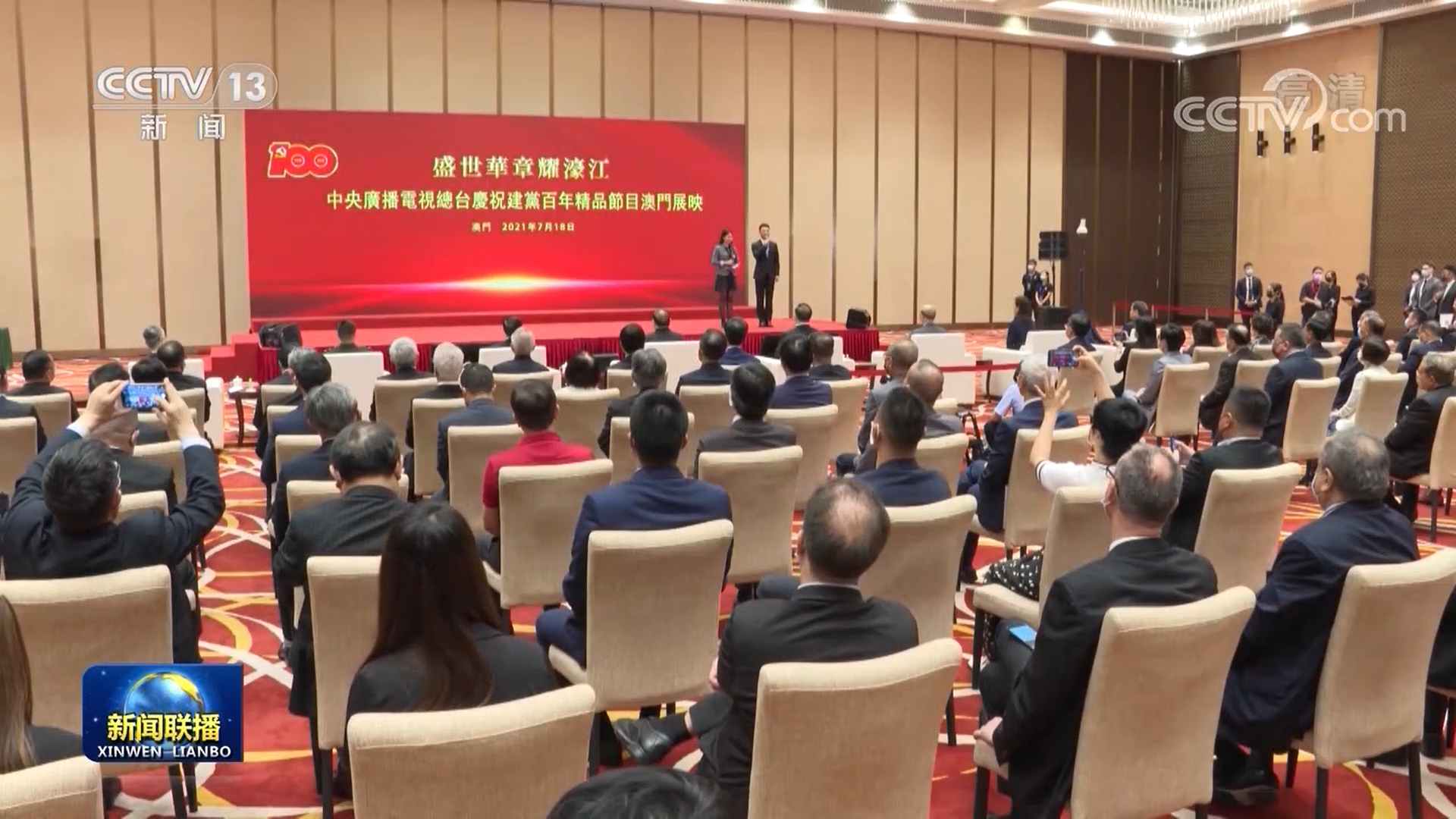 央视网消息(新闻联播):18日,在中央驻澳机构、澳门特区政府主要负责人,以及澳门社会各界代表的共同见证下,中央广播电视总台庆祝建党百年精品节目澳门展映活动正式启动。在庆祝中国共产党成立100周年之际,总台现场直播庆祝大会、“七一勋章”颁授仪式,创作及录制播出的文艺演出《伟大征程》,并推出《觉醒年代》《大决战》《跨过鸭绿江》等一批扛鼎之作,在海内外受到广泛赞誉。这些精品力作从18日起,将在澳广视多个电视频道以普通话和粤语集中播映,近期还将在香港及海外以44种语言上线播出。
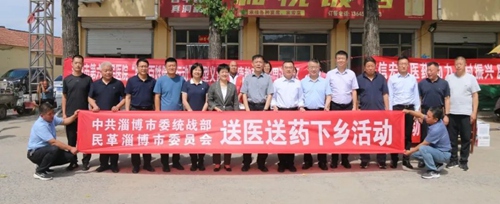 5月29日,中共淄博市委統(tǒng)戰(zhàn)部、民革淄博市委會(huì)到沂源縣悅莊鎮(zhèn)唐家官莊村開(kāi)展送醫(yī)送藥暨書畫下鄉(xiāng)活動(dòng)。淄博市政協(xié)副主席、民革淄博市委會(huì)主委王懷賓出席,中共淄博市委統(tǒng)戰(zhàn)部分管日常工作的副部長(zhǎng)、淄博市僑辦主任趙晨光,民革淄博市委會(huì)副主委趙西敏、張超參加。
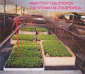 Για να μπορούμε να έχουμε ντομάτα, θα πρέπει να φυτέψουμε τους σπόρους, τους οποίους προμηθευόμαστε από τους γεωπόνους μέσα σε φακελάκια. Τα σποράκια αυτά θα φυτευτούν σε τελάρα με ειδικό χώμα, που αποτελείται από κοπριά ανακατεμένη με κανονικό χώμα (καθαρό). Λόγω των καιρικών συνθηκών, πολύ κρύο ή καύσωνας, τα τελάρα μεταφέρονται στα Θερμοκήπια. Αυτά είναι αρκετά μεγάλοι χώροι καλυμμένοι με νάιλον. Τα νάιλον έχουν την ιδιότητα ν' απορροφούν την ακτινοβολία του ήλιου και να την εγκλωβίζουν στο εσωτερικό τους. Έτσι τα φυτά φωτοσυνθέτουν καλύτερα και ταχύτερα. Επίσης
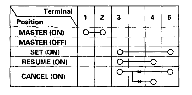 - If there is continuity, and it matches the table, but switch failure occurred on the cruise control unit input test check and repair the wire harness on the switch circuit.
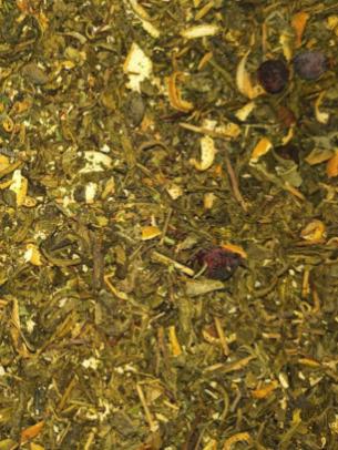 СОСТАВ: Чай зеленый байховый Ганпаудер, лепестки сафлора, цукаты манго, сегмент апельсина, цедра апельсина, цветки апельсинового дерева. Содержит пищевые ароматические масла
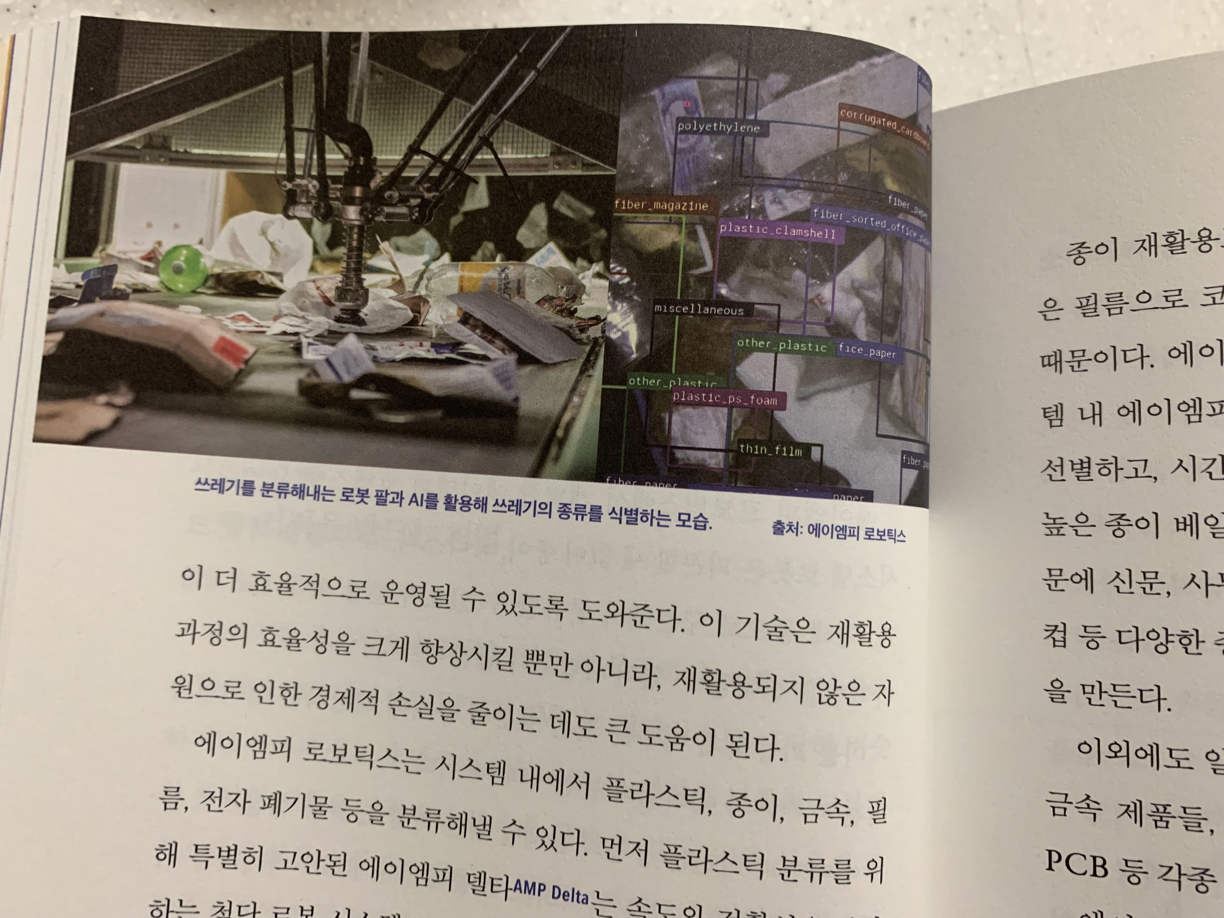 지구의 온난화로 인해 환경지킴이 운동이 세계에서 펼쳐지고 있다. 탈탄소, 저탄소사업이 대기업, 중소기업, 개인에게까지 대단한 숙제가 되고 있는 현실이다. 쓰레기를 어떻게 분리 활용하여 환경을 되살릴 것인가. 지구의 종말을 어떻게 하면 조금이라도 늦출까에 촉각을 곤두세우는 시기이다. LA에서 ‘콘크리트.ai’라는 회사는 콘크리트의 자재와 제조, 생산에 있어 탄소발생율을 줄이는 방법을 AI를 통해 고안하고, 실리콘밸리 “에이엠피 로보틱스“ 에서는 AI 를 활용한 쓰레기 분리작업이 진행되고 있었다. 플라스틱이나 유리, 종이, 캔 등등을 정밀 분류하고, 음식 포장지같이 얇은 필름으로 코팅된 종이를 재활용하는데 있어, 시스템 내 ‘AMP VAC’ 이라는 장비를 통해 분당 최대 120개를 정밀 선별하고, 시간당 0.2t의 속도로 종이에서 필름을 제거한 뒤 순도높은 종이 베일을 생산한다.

# # # # # # #

--- To do ---
Beginning with the line above that contains "5月29日,中共淄博市委統(tǒng)戰" and finishing with the line that contains "Για να μπορούμε", print those lines exactly and only. Skip all pictures.

--- Response area ---
 5月29日,中共淄博市委統(tǒng)戰(zhàn)部、民革淄博市委會(huì)到沂源縣悅莊鎮(zhèn)唐家官莊村開(kāi)展送醫(yī)送藥暨書畫下鄉(xiāng)活動(dòng)。淄博市政協(xié)副主席、民革淄博市委會(huì)主委王懷賓出席,中共淄博市委統(tǒng)戰(zhàn)部分管日常工作的副部長(zhǎng)、淄博市僑辦主任趙晨光,民革淄博市委會(huì)副主委趙西敏、張超參加。
 Για να μπορούμε να έχουμε ντομάτα, θα πρέπει να φυτέψουμε τους σπόρους, τους οποίους προμηθευόμαστε από τους γεωπόνους μέσα σε φακελάκια. Τα σποράκια αυτά θα φυτευτούν σε τελάρα με ειδικό χώμα, που αποτελείται από κοπριά ανακατεμένη με κανονικό χώμα (καθαρό). Λόγω των καιρικών συνθηκών, πολύ κρύο ή καύσωνας, τα τελάρα μεταφέρονται στα Θερμοκήπια. Αυτά είναι αρκετά μεγάλοι χώροι καλυμμένοι με νάιλον. Τα νάιλον έχουν την ιδιότητα ν' απορροφούν την ακτινοβολία του ήλιου και να την εγκλωβίζουν στο εσωτερικό τους. Έτσι τα φυτά φωτοσυνθέτουν καλύτερα και ταχύτερα. Επίσης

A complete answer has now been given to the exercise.